Aurealis Therapeutics, Kuopio, Finland.
PLoS One. 2022 Feb 28;17(2):e0264775. doi: 10.1371/journal.pone.0264775. eCollection 2022.
Diabetes mellitus is one of the major concerns for health care systems, affecting 382 million people worldwide. Among the different complications of diabetes, lower limbs chronic ulceration is a common, severe and costly cause of morbidity. Diabetic foot ulcers are a leading cause of hospitalization in diabetic patients and its rate exceed the ones of congestive heart failure, depression or renal disease. Diabetic non-healing ulcers account for more than 60% of all non-traumatic lower limb amputations and the five-year mortality after amputation is higher than 50%, being equal to several types of advanced cancer. The primary management goals for an existing diabetic foot ulcer are to achieve primary healing as expeditiously as possible and to achieve a reduction of the amputation rate in the patients. Unfortunately, approximately a quarter of patients do not partially or fully respond to the standard of care. Advanced therapies for chronic wounds are existing, however, recent guidelines including the latest reviews and meta-analyses of the scientific and clinical evidence available from current treatment strategies and new therapeutic agents revealed that there is a lack of clinical data and persistent gap of evidence for many of the advanced therapeutic approaches. In addition, no pharmacological wound healing product has gained authority approval for more than 10 years in both US and EU, constituting a highly unmet medical need. In this publication we present data from a live biopharmaceutical product AUP1602-C designed as a single pharmaceutical entity based on the non-pathogenic, food-grade lactic acid bacterium Lactococcus lactis subsp. cremoris that has been genetically engineered to produce human fibroblast growth factor 2,interleukin4 and colony stimulating factor 1. Designed to address different aspects of wound healing (i.e. fibroblast proliferation, angiogenesis and immune cell activation) and currently in phase I clinical study, we show how the combination of the individual components on the wound micro-environment initiates and improves the wound healing in chronic wounds.

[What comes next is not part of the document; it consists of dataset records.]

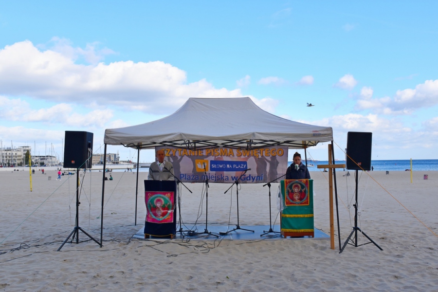 Kolejny raz na gdyńskiej plaży miejskiej odbyło się czytanie Pisma Świętego. Słowu Bożemu na Bulwarze Nadmorskim przysłuchiwali się w sobotę 25 września m.in. uczestnicy gdyńskiego Festiwalu Polskich Filmów Fabularnych.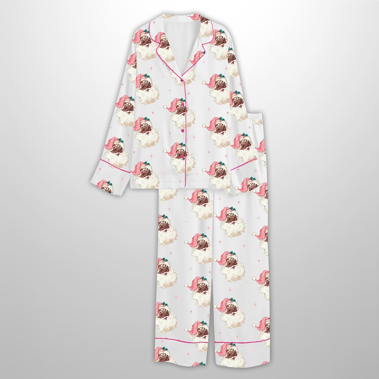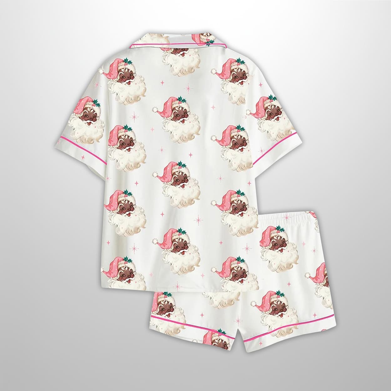 Celebrate the season with flair in the Vintage Pink African American Black Santa Satin Pajama Set—where festive charm meets cultural pride in a cozy, playful design.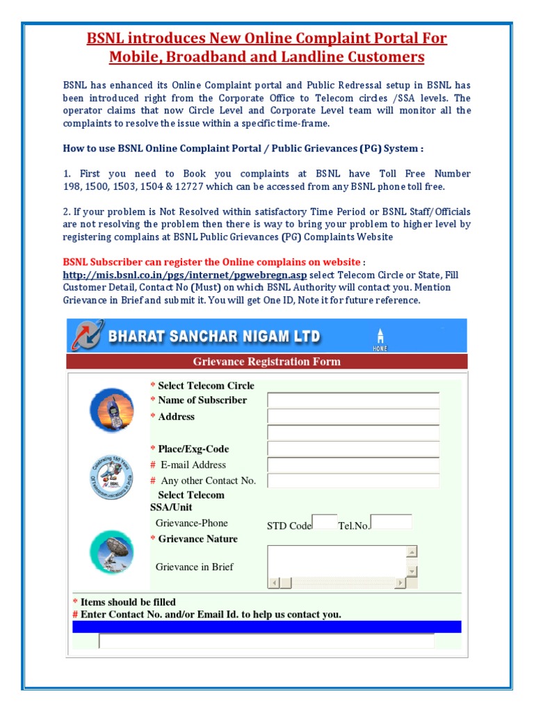 Bsnl Grievance Redressal - This portal has been created to provide convenience to citizens by allowing them to lodge a grievance through their mobile phones or.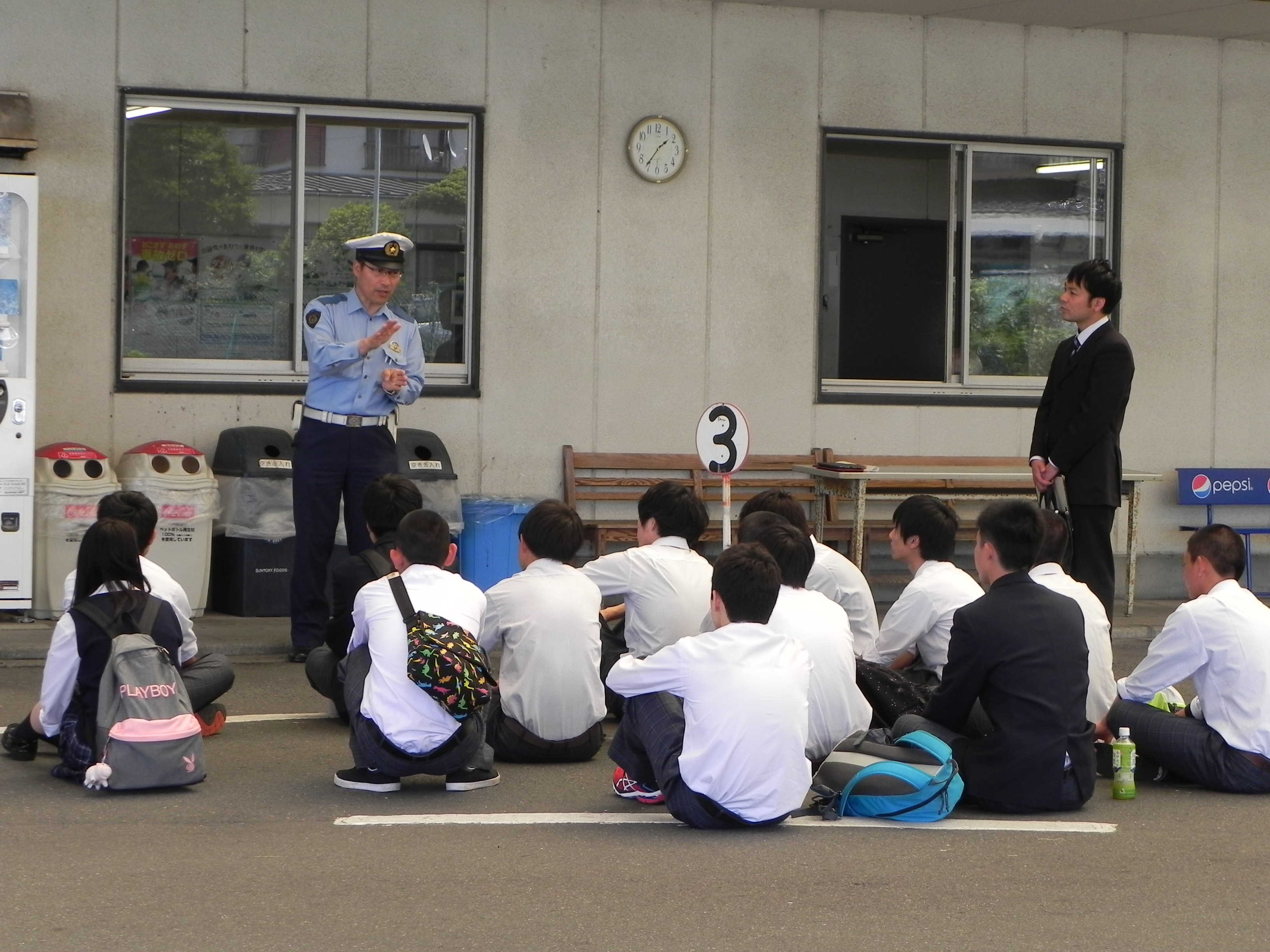 本日、羽室台高校の自転車通学生を対象とした交通安全教室が行われました。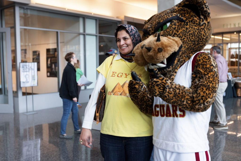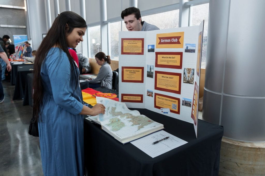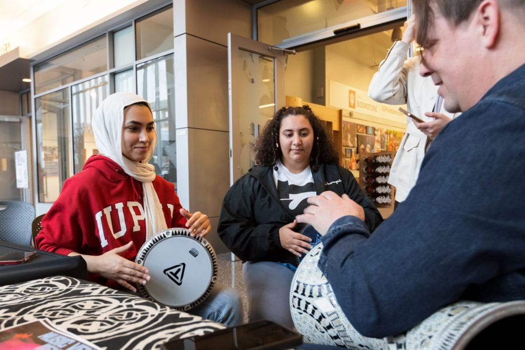 With sounds of Egyptian tablas and Chinese lion dancing drums echoing through the Campus Center, the lectures on the third floor provided an opportunity for faculty and students to share their expertise outside of the classroom. In one session, “Green Teams,” which are informal staff committees dedicated to creating a more sustainable workplace, shared ideas and their perspective on the global impact of sustainability. As Valentine’s cards and international poetry in each of the seven languages taught at IUPUI were shared on the first floor, graduate students shared their in-depth analysis of multilinguistic literary works. Whether it was learning Chinese calligraphy, what their name looked like in Arabic, or what traditional mehndi designs look like on their hands, visitors explored the depth of the global community on campus.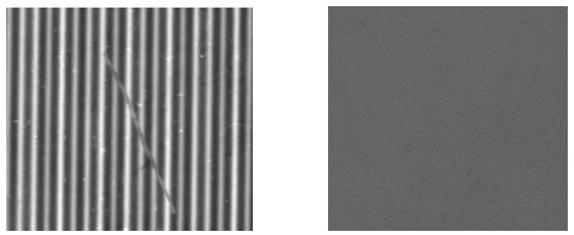 案例2:偏光膜表面變形與凹凸點(diǎn)檢測(cè)。圖11為平面條紋光源的成像圖。(a)為平面條紋光源檢膜材“變形”的效果,(b)為平面條紋光源檢“凹凸點(diǎn)”的效果,可以看到檢測(cè)圖片中有缺陷的地方條紋明顯形變,不再呈現(xiàn)出平行的特征。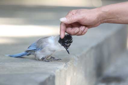 图一:“莎莎”不怕人,路人伸手抚摸它。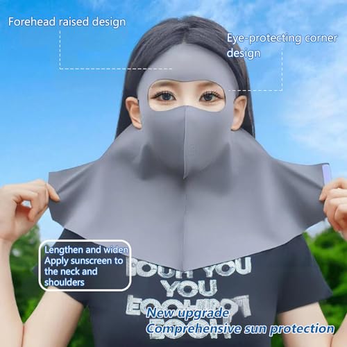 HOT ! PROUDDEMON UPF 50+ Ice Silk Cooling UV Face Mask Unisex - Breathable Sun Protection Balaclava for Outdoor Sports(Grey)

糖尿病是医疗保健系统关注的主要问题之一,影响着全球 3.82 亿人。在糖尿病的各种并发症中,下肢慢性溃疡是一种常见的、严重的和高成本的发病原因。糖尿病足溃疡是糖尿病患者住院的主要原因,其发病率超过充血性心力衰竭、抑郁症或肾病。糖尿病不愈合溃疡占所有非创伤性下肢截肢的 60%以上,截肢后五年死亡率高于 50%,与几种晚期癌症相当。现有糖尿病足溃疡的主要管理目标是尽快实现初次愈合,并降低患者的截肢率。不幸的是,大约四分之一的患者对标准治疗没有部分或完全反应。现有的慢性伤口高级治疗方法,但最近的指南,包括对现有治疗策略和新治疗药物的科学和临床证据的最新审查和荟萃分析,显示出许多高级治疗方法缺乏临床数据和持续的证据差距。此外,在过去 10 年中,没有一种药理学的伤口愈合产品在美国和欧盟获得权威批准,这构成了一个高度未满足的医疗需求。在本出版物中,我们展示了一种名为 AUP1602-C 的生物制药产品的数据,该产品设计为基于非致病性、食品级乳酸乳球菌乳亚种的单一药物实体,经过基因工程改造后可产生人成纤维细胞生长因子 2、白细胞介素 4 和集落刺激因子 1。该产品旨在解决伤口愈合的不同方面(即成纤维细胞增殖、血管生成和免疫细胞激活),目前正在进行 I 期临床试验,我们展示了单个成分在伤口微环境中的组合如何启动和改善慢性伤口的愈合。